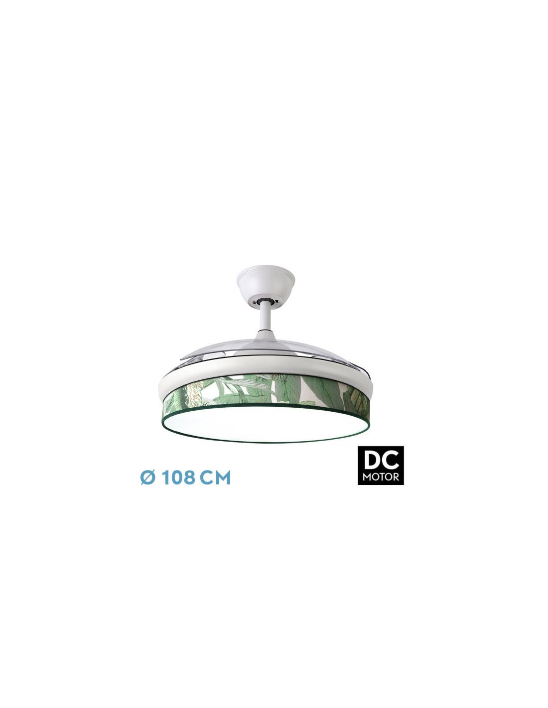 Exclusive and original DC fan from the MODA series with three FOLDABLE ABS blades, in WHITE color with GREEN LEAF diffuser. Made of metal, ABS, textile and polycarbonate. Modern and versatile style , the designs and colors of its diffusers make this fan both in operation and in lamp mode only, become the center of attention of the brightening room. Ideal for both modern and classic environments, very much in line with new decoration styles combining colors and textures. DC motor with six adjustable speeds. Integrated LED technology with a power of 72W, 7200 lumens and with 3 SELECTABLE LIGHT TEMPERATURES (3000-4000-6000K). Summer or winter air control. Its measurement is 39/54X49X49 centimeters with the blades folded and 39/54X108X108 centimeters with the blades unfolded, with two seatpost measurements to install it at different heights. Remote control INCLUDED with built-in COLOR MEMORY and 1/2/4 hour TIMER. Model available in both black and white and with a wide variety of designs and colors in its diffusers.
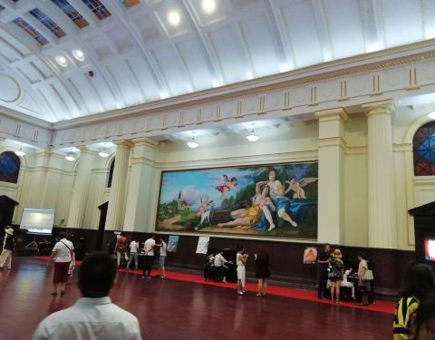 位于馆陶路22号的青岛取引所旧址,这还是第一次进去。这边是免门票费的,里面还蛮大的,还有很多很多的鸽子,特别好看。进去后里面有很多的油画,这些画既可以欣赏也可以买卖,还有很多古玩在里面,需要静下心来慢慢欣赏。
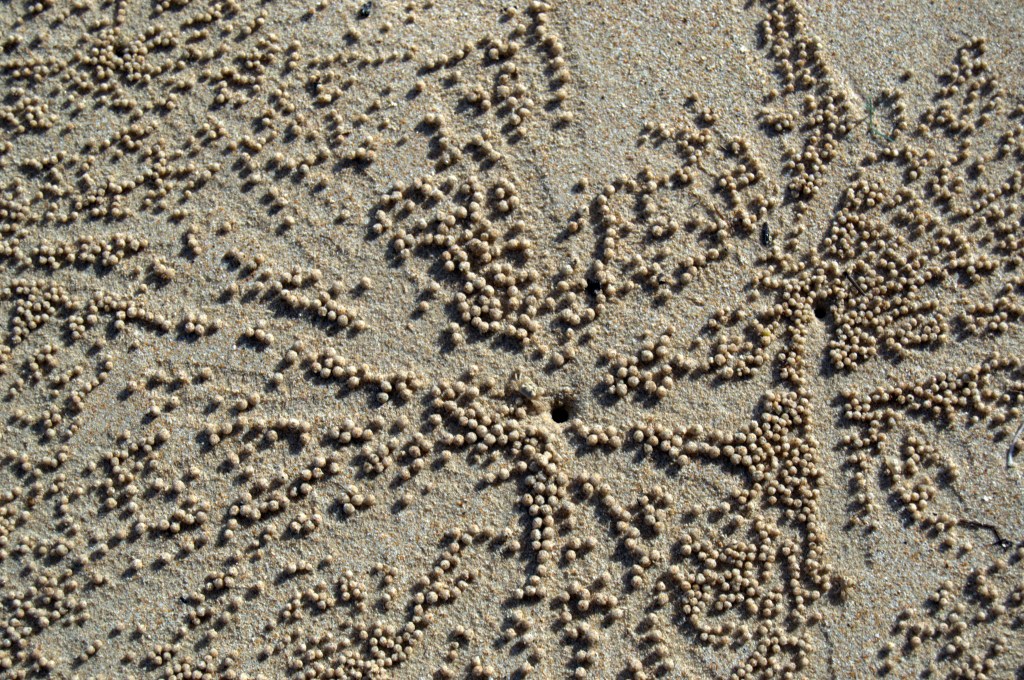 Después de comer cambiamos a la playa oeste, ahora con la marea baja. Nos entretenemos observando el arte improvisado e inconsciente de los cangrejos peleles, que, buscando comida entre la arena, crean unos fascinantes dibujos circulares con las bolitas de arena.
__________________________________________________
(About this task): Write out every line above exactly as it is, leaving out the pictures.

(Solution):
 Exclusive and original DC fan from the MODA series with three FOLDABLE ABS blades, in WHITE color with GREEN LEAF diffuser. Made of metal, ABS, textile and polycarbonate. Modern and versatile style , the designs and colors of its diffusers make this fan both in operation and in lamp mode only, become the center of attention of the brightening room. Ideal for both modern and classic environments, very much in line with new decoration styles combining colors and textures. DC motor with six adjustable speeds. Integrated LED technology with a power of 72W, 7200 lumens and with 3 SELECTABLE LIGHT TEMPERATURES (3000-4000-6000K). Summer or winter air control. Its measurement is 39/54X49X49 centimeters with the blades folded and 39/54X108X108 centimeters with the blades unfolded, with two seatpost measurements to install it at different heights. Remote control INCLUDED with built-in COLOR MEMORY and 1/2/4 hour TIMER. Model available in both black and white and with a wide variety of designs and colors in its diffusers.
 位于馆陶路22号的青岛取引所旧址,这还是第一次进去。这边是免门票费的,里面还蛮大的,还有很多很多的鸽子,特别好看。进去后里面有很多的油画,这些画既可以欣赏也可以买卖,还有很多古玩在里面,需要静下心来慢慢欣赏。
 Después de comer cambiamos a la playa oeste, ahora con la marea baja. Nos entretenemos observando el arte improvisado e inconsciente de los cangrejos peleles, que, buscando comida entre la arena, crean unos fascinantes dibujos circulares con las bolitas de arena.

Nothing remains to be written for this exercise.